James Boyle (seen here in his fancy hat) is a tower of sense on IP law. He published a terrific essay on the subject in the Financial Times recently. Here’s how he sets the scene:
“So how do we decide the ground-rules of the information age? Representatives of interested industries come to regulators and ask for another heaping slice of monopoly rent in the form of an intellectual property right. They have doom-laden predictions, they have anecdotes, carefully selected to pluck the heartstrings of legislators, they have celebrities who testify – often incoherently, but with palpable charisma – and they have very, very simple economic models. The basic economic model here is ‘If you give me a larger right, I will have a larger incentive to innovate. Thus the bigger the rights, the more innovation we will get. Right?’ Well, not exactly.”

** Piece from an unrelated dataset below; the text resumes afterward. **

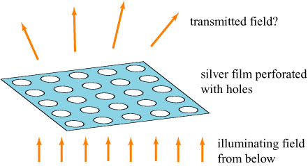 In 1998, however, a group of researchers led by Thomas Ebbesen investigated the amount of light transmitted by an array of holes, as illustrated below:
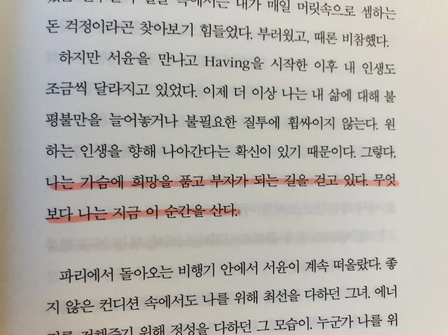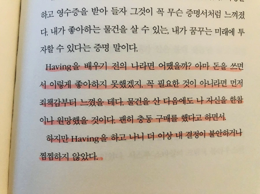 Having을 배우기 전의 나라면 어땠을까? 아마 돈을 쓰면서 이렇게 좋아하지 못했겠지. 꼭 필요한 것이 아니라면 먼저 죄책감부터 느꼈을 테다. 물건을 산 다음에도 나 자신을 한참이나 원망했을 것이다. 괜히 충동 구매를 했다고 하면서. 하지만 Having을 하고 나니 더 이상 내 결정이 불안하거나 찜찜하지 않았다.

The problem, as Boyle sees it, is that we don’t have evidence-based lawmaking in this area. But then he has a great idea: why not look for an instance where one country has implemented a new IP law and another country has not, and compare the results. Does the strong-IP jurisdiction have more innovation than the weak-IP one? The delicious twist in the piece is that he has found such a case — database rights, where the EU legislated and the US did not. Guess which jurisdiction had more innovation in database development?
There’s only one thing better than a writer who quotes Macaulay, and that’s someone who writes like Macaulay. Jamie comes close to that ideal at times. Give him a white hat, someone.